I have wild garlic all over my yard. In the grass, tangled in with my
tulips and daffs, around the roses, in the side walk. Literally
everywhere it can grow. Pulling it up is not working, and from what
I'm reading, it usually doesn't. Roundup is supposed to work, but I
prefer a more environmentally friendly option.
Around the roses I put down a weed barrier and some mulch over that.
It went through the water holes in the barrier and is just as strong.
At least the other weeds are gone. I can't do that in the yard, even
if it worked for the roses.
As for eating it, I prefer to eat the ones that I grow just for that
purpose, I want to have a pretty yard as well.
Anyone have any good ideas?
Start living a sustainable life. Start making a difference now!
Wild garlic is one of the "cockroaches" of the weed world, even more
invasive than wild onion. The weed cloth allows light to pass through,
that's why the garlic isn't slowing down. Pulling and digging only
encourages division of the bulbs. A thick mulch of newspaper over a period
of time will eventually get rid of it but it's most likely not going to
happen in a few years. All you can do with that growing in the lawn is to
keep it cut as low to the ground as possible and over, again, a period of
time it will eventually weaken the plant enough to die off. Wild garlic is
tougher than wild onion to eradicate since the garlic spreads by both seed
and bulb division. If you don't want to bring out the big guns and use an
herbicide you have your work cut out for you for quite a few years to come.
Carry with you always an old pair of scissors when in the garden and when
you see the tell tale signs emerging from the soil or lawn CUT them off at
below ground level. Squelch the urge to pull them out and never let it go
long enough to flower. Think of it as a quest.

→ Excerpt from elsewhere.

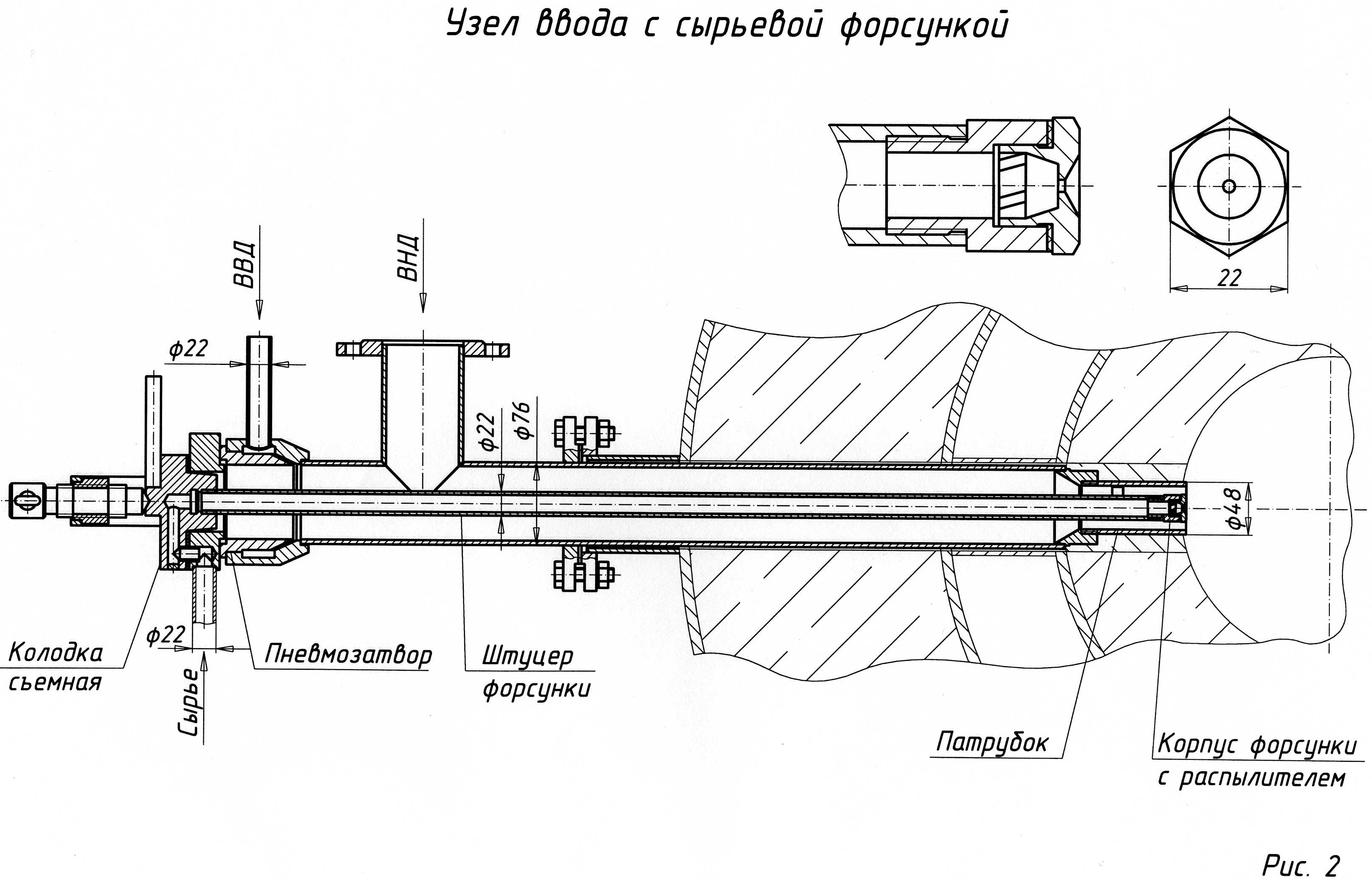 На рис.2 показан узел ввода сырья в реактор с сырьевой форсункой. Важным элементом узла ввода является его патрубок диаметром 48мм, смонтированный заподлицо (вровень) со смесительным соплом реактора. Корпус сырьевой форсунки должен располагаться вровень с патрубком узла ввода, как это показано на рис.2. Патрубки узлов ввода диаметром 48мм. (применяются и патрубки D=42мм.) изготавливаются из жаропрочной стали 15Х25Т, выдерживающую температуру до 1000⁰С. Корпус и распылитель сырьевой форсунки также должны изготавливаться из жаропрочной стали, однако обычно они изготавливаются из стали 12Х18Н10Т, которая выдерживает температуру только до 750⁰С., что, естественно, сокращает срок службы форсунки. Продолжительность работы форсунок без замены зависит и от расхода сырья в реактор. Чем больше сырья поступает в форсунку, тем меньше вероятность забивания и закоксовывания распылителя и выходного отверстия форсунки.

I gave up years ago trying to get completely rid of it. I do pull it up
from my gardening beds and that works fairly well there. For stuff
growing in the grass I just keep it trimmed and it really doesn't bother
me. Around sidewalks a good organic solution is 5 percent vinegar (not
the "watereed down" stuff). It is a good idea to trim it before you
spray it so that the surface is broken and the spray can penetrate.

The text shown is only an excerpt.